(Data extracted from a collection)
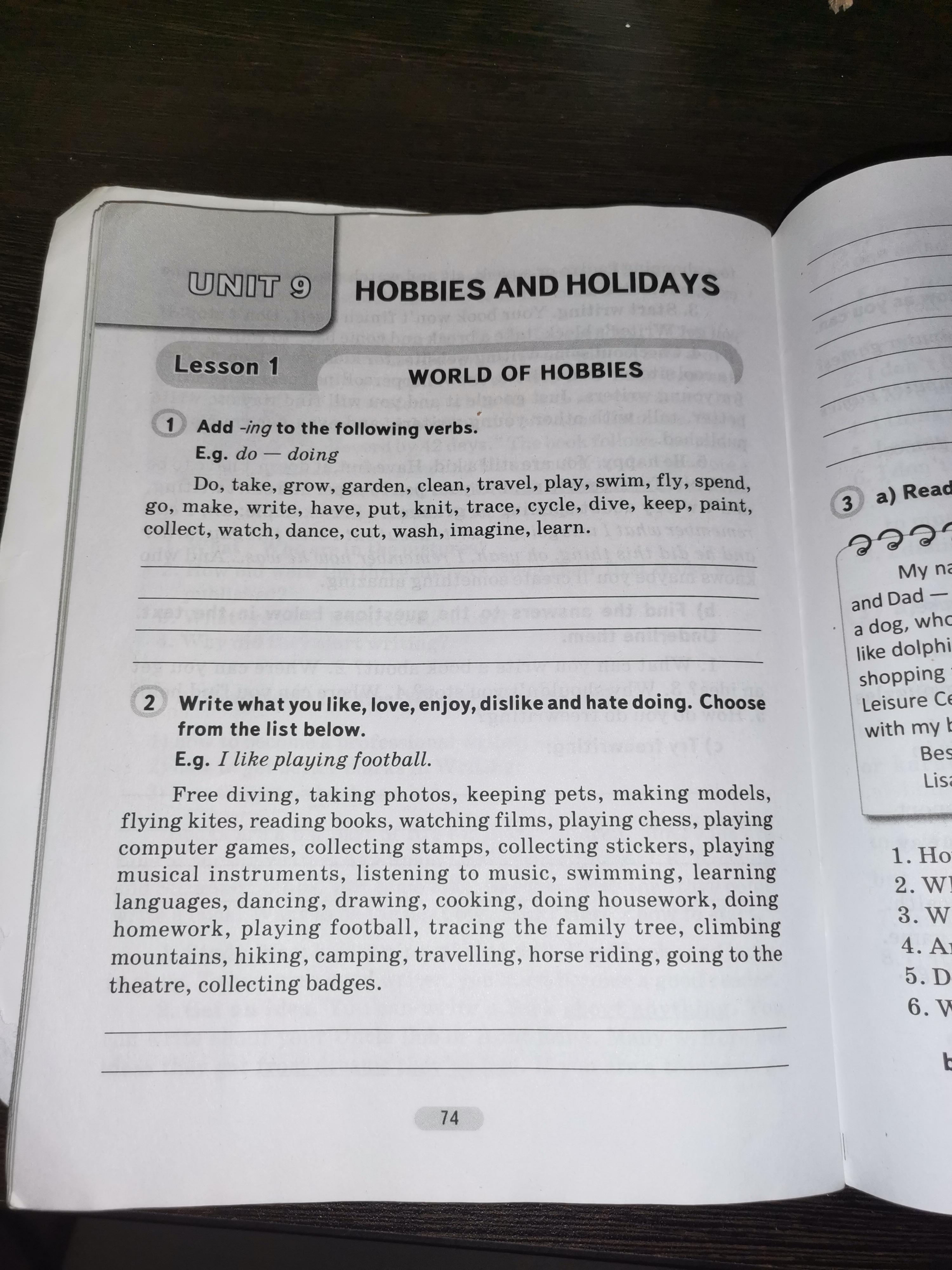 doing, taking, growing, gardening, cleaning, traveling, plaing, swiming, flying, spending, going, making, writing, having, puting, kniting, tracing, cycling, diving, keeping, painting, collecting, watching, dancing, cuting, washing, imagining, learning
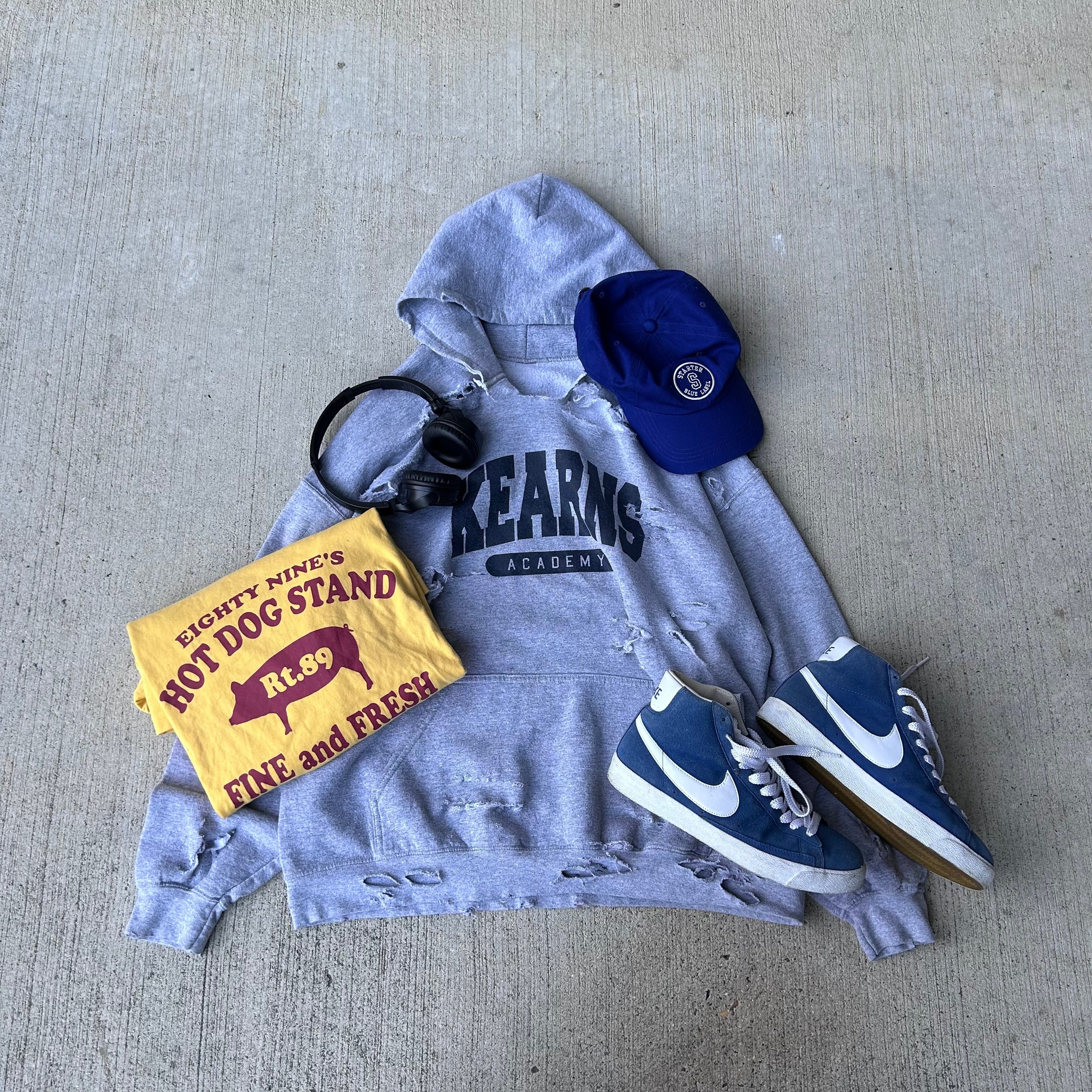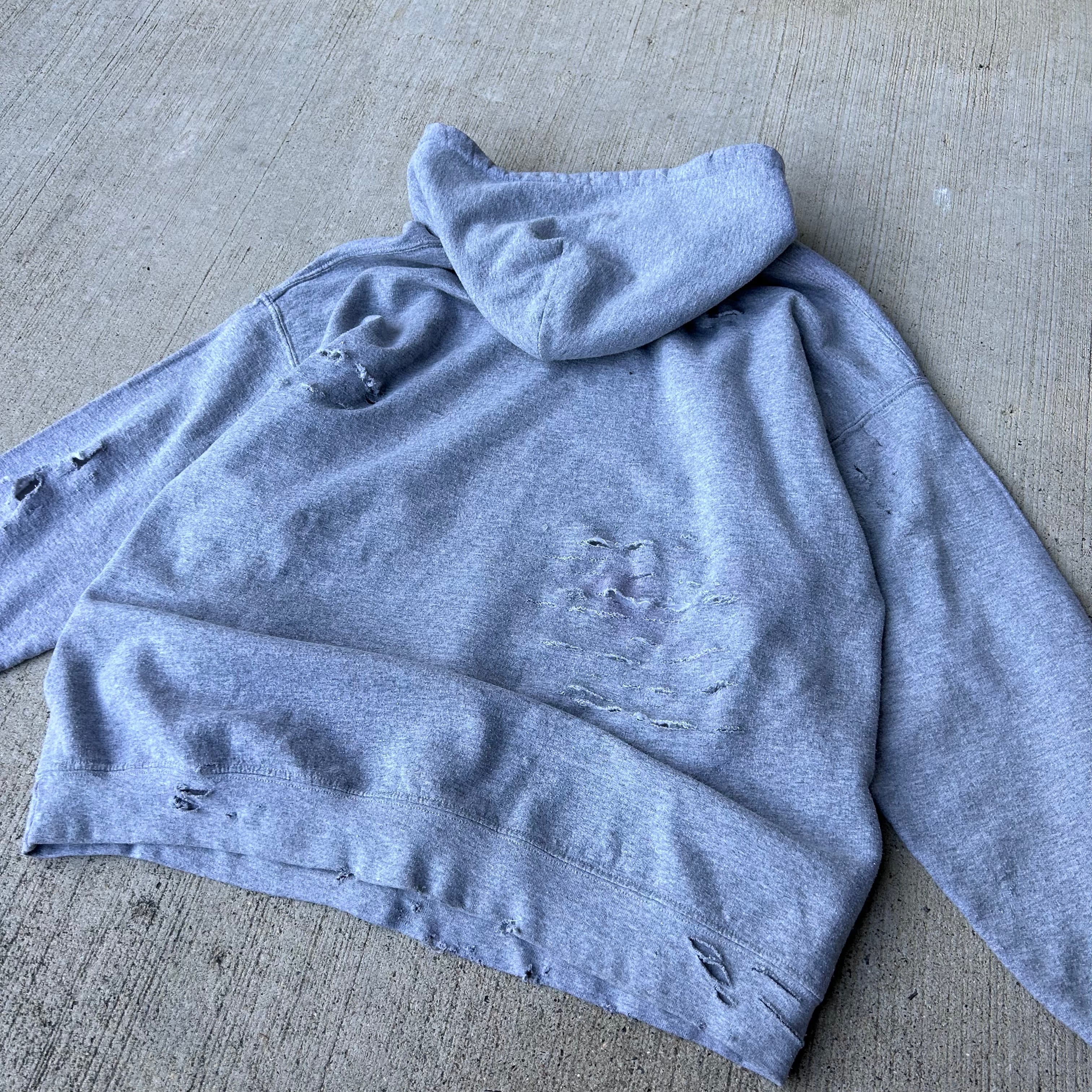 カレッジデザインのオーバーなフーディをボロ加工にしています!手洗い推奨
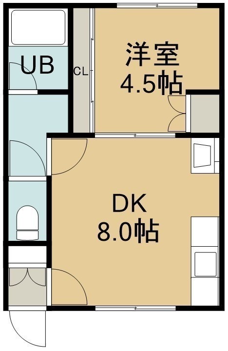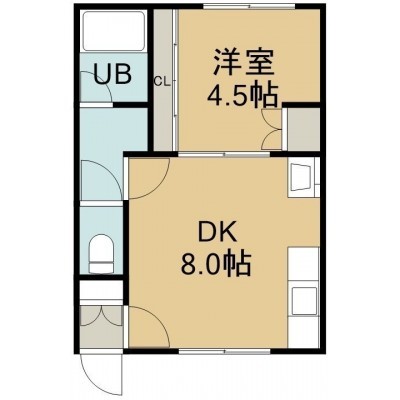 1DK(27.72m²)└ 1階:DK8帖 洋室4.5帖
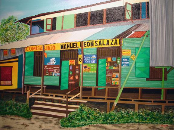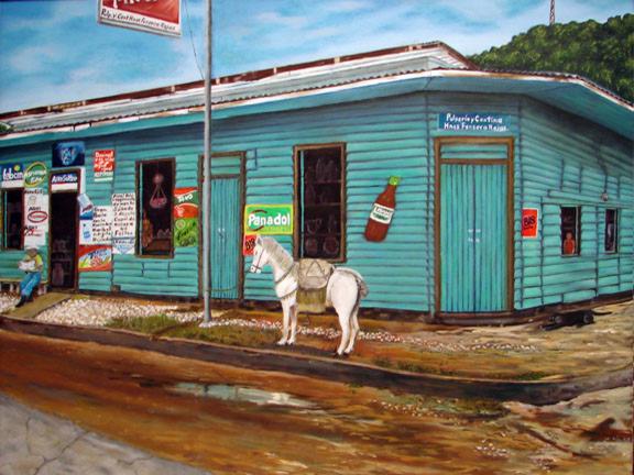 I wrote on Thursday about the beauty and, during the past few months, the renewed utility and importance of Costa Rica’s pulperías. While writing that post, I came across this lovely connection of paintings of “corner stores” past and present, and wanted to share some more of them with you. I found them on the TicoClub website, which indicates they were part of a 2009 exhibit at the National Museum called “Homage to the Costa Rican Pulpería” by students of the Home Art School of Professor Ricardo Jiménez Salazár.
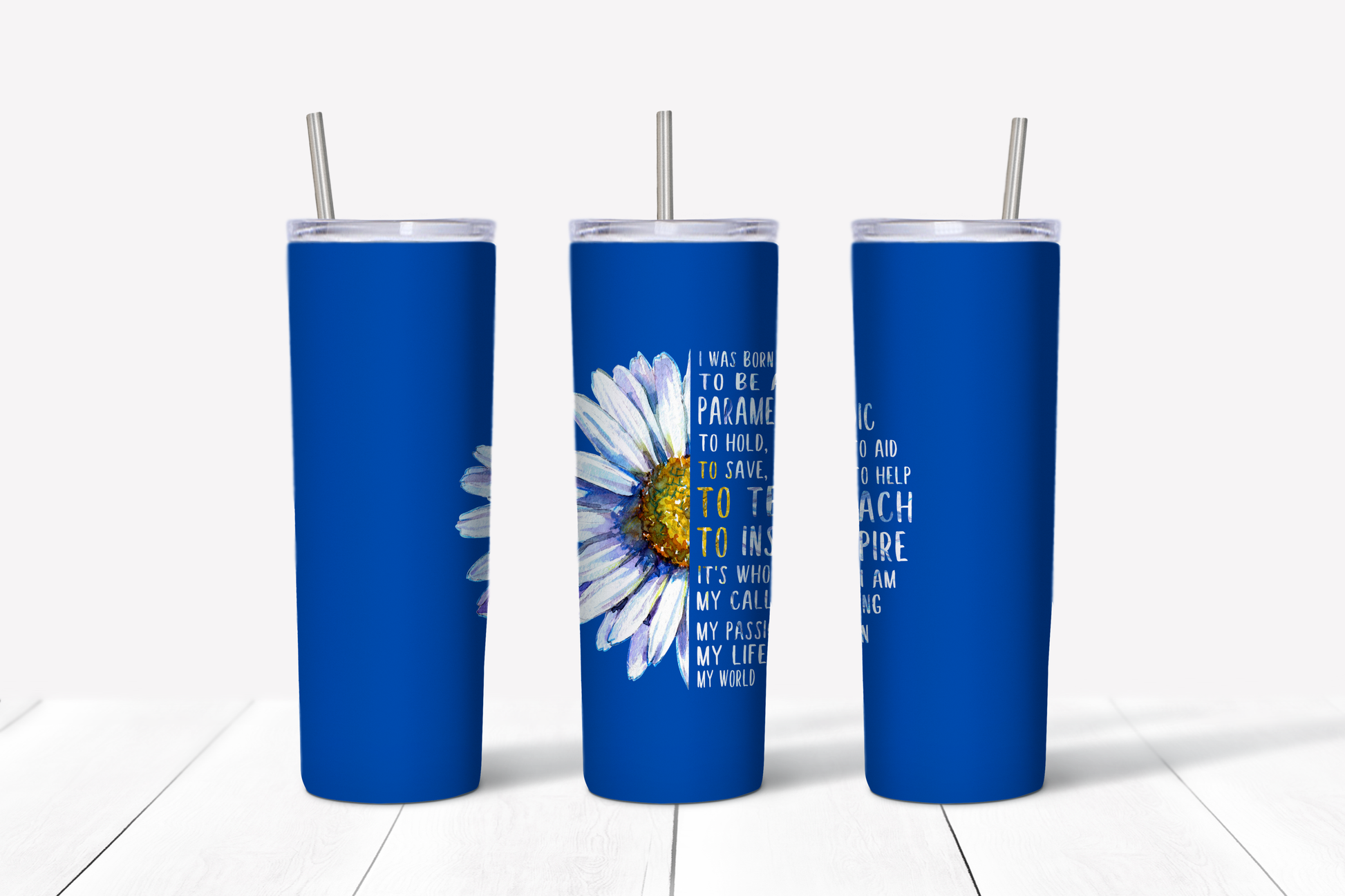 This is a gorgeous 20 oz sublimation tumbler that is double-insulated. TAT is typically one-two weeks after ordering since they are made-to-order. Each tumbler comes with a plastic lid and straw.

### WHAT YOU HAVE TO DO
Look above for the line with "カレッジデザインのオーバーなフーディをボロ加工にしています!手洗い推奨", then give again exactly every line from there through the line with "1DK(27.72m²)└ 1階:DK8帖 洋室4.5帖", skipping the pictures.

### TASK OUTPUT
 カレッジデザインのオーバーなフーディをボロ加工にしています!手洗い推奨
 1DK(27.72m²)└ 1階:DK8帖 洋室4.5帖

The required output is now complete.